Подняться на ноги ему помогли. Он не видел кто, потому что стекло шлема оказалось с внешней стороны испачкано пылью, а с внутренней — кровью. Несколько рук вцепилось в него. Вначале он чувствовал только душный приторный запах крови, потом с него сняли шлем. Он забыл о боли в легких, ухватил побольше воздуха. На этот раз он проглотил мало иголок.
— Что случилось? — хорошо, что зубы не выбил. Сейчас бы шепелявил.
— Канат оборвался, — сказал техник, освободивший Шешеля от шлема.
Гример влажной ваткой, смоченной спиртом, стирал кровь. Ссадину на лбу защипало. Даже не смотря в зеркало, Шешель знал, каким местом ударился.
— Как вы себя чувствуете? — поинтересовался Томчин.
— Ничего. Голова немного болит. Но бывало и хуже. Гораздо хуже.
— Не сотрясение ли у вас? Проверить бы надо.
— Обойдусь.
— Что с этим делать будем? — Томчин кивнул на ссадину на лбу Шешеля.
— Заштукатурю, и не заметите, — ответил гример.
— Так. Так. Что же вы, милостивый государь, канат такой тонкий прицепили? — спросил Томчин у Шагрея.
— Я посмотрю его. Должен был выдержать вес, — задумчиво сказал Шагрей, потирая подбородок. — Может, брак подсунули? Волокно не качественное или еще что. Я посмотрю.
— Сделайте милость. А то главного героя угробим в самом начале съемок.
— А вы что, хотите угробить меня в самом их конце? — вмешался в разговор пришедший в себя Шешель.
— Боже упаси, — сказал Томчин, — я хочу приберечь вас для следующих картин.
— Марс покорять?
— Посмотрим. На сегодня, вероятно, все.
— Если бы вы жили в Средневековье — цены бы вам не было, — съязвил Шешель, обращаясь к Шагрею.
— Это отчего же?
— Инквизиторы в вас души бы не чаяли.

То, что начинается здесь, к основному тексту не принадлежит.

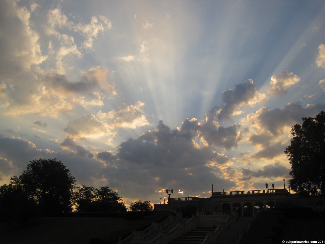 On the way out of the park I took a final picture of the pavilion. The rays of light were coming through the clouds just above the structure.
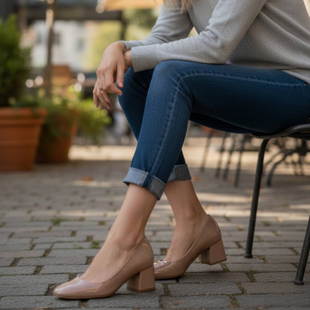 Γόβα λουστρίνι με φαρδύ τακούνι

С вашими-то талантами. Ох. Вы придумали бы такие приспособления для пыток, что признания в содеянных богохульных делах у колдунов да ведьм можно было бы легко получить. Никто не отказался бы.
— Полно вам, — сконфузился Шагрей и чуть покраснел.
— Это я шучу так. Не обижайтесь, — сказал Шешель Шагрею, потом обратился к Томчину: — Вот о чем я подумал, а не может ли наш исследователь кого-нибудь встретить на Луне?
— Селенитов, что ли? Маленьких зеленых человечков?
— Почему обязательно зеленых? Пусть будут розовые или желтые.
— На кого это вы намекаете? Нет. Желтых нельзя по политическим соображениям. Пусть будут зеленые.
— Фильм-то черно-белый. Никто цвет не различит.
— Отчего вы думаете, что он черно-белый выйдет? Есть у меня кое-какие задумки, но пока об этом рановато говорить, а вот о человечках… Что вы думаете, господин Шагрей? — подмигнул Томчин.
— Лунная поверхность хорошо изучена астрономами. На видимой ее стороне нет никаких поселений. Возможно, они окажутся на невидимой, но я в этом сомневаюсь. Вот если предположить, что живут они под поверхностью? Действительно. Почему бы и нет? Этот вариант можно обсудить. Я придумал уже, как наш герой найдет их, — Шагрей сделал многозначительную паузу, но все и так внимательно слушали его. — Наш герой при очередном прыжке пробивает лунную поверхность, которая на самом деле оказывается крышей их поселения, и проваливается внутрь. Он падает. Высота огромная.
— Ох, — простонал Шешель. Он понял, что над ним подшучивают.
«Вот выдумал-то проблем на свою голову», — подумал он и вознес взгляд к звездным небесам. С них свисал оборванный трос. «Вот как надо добираться до звезд. Найти вот такой же трос, позабытый Всевышним, и полезть по нему вверх. Времени, правда, много уйдет. Руки устать могут. Ослабеешь, разожмешь руки и грохнешься вниз. Радости от такого полета мало».
Но он отвлекся. Он хорошо помнил еще предыдущее свое падение, и ему совершенно не нравилась перспектива провалиться и в город лунных жителей, причем, скорее всего, Шагрей вновь изобретет для этого какой-нибудь особенно болезненный способ.